* _DATA SHOWN_
╭──

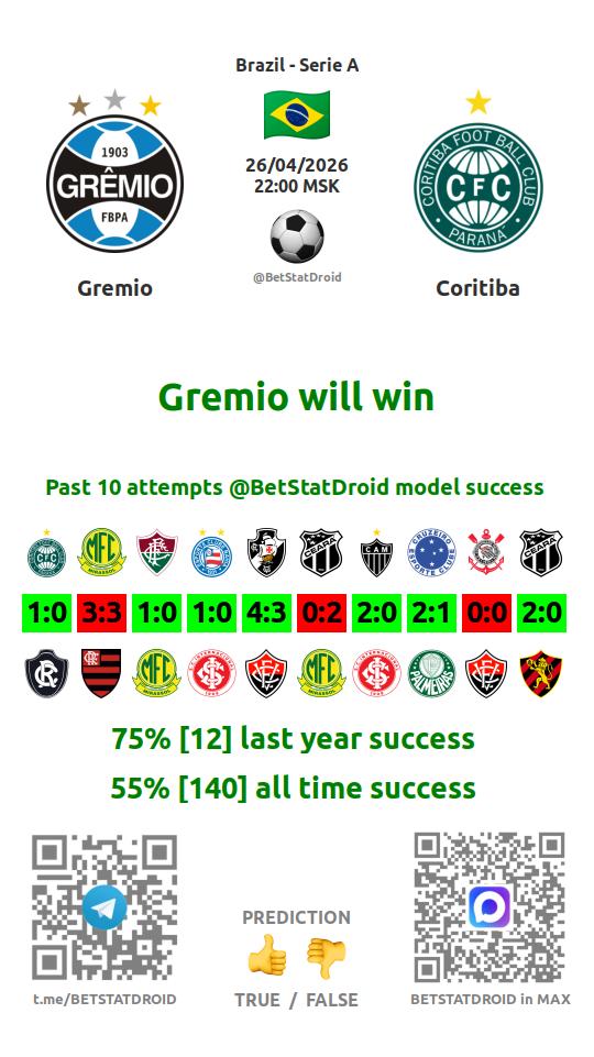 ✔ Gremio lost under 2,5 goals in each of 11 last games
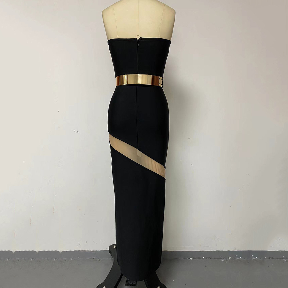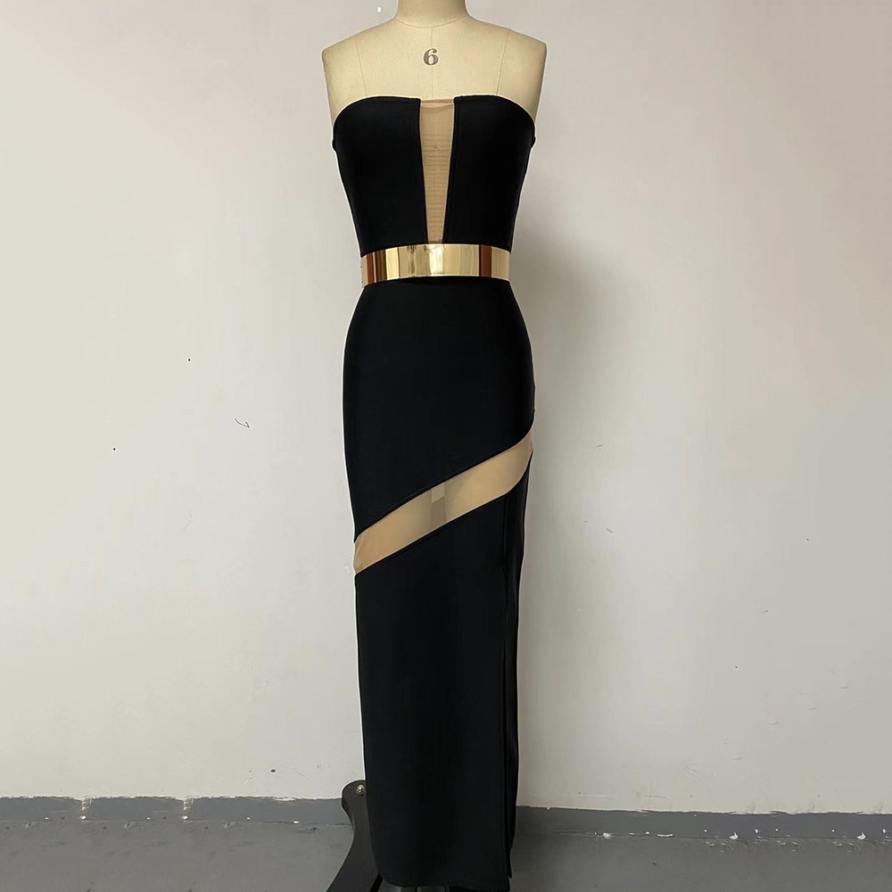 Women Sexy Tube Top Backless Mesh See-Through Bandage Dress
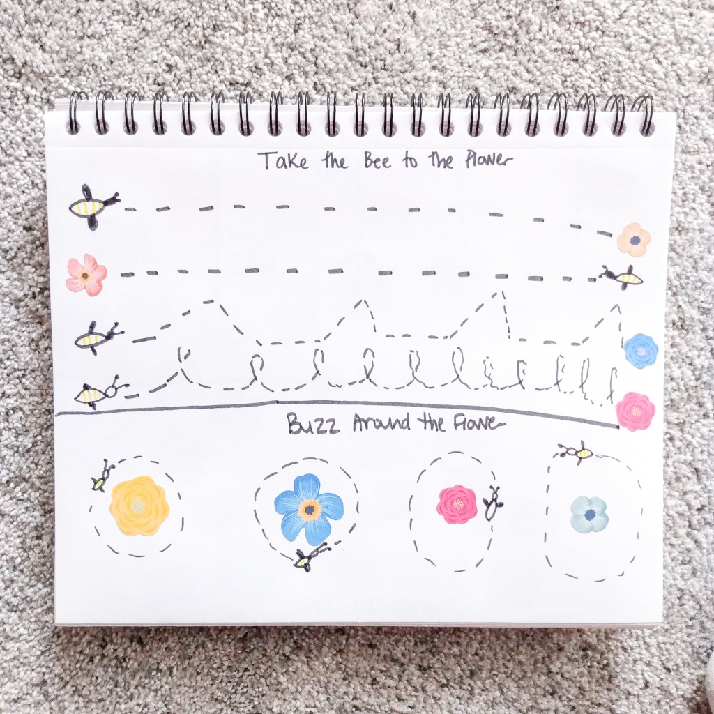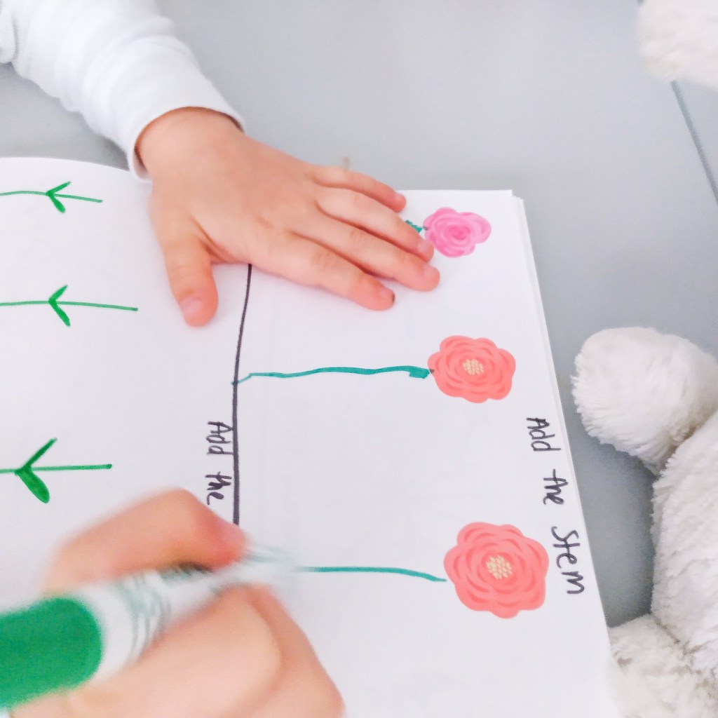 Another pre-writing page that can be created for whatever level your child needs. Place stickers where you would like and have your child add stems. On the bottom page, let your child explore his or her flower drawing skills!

╰──

Word-for-word restatement: every line from the one with "Women Sexy Tube" through the final line of the data, both ends included, pictures excluded.

 Women Sexy Tube Top Backless Mesh See-Through Bandage Dress
 Another pre-writing page that can be created for whatever level your child needs. Place stickers where you would like and have your child add stems. On the bottom page, let your child explore his or her flower drawing skills!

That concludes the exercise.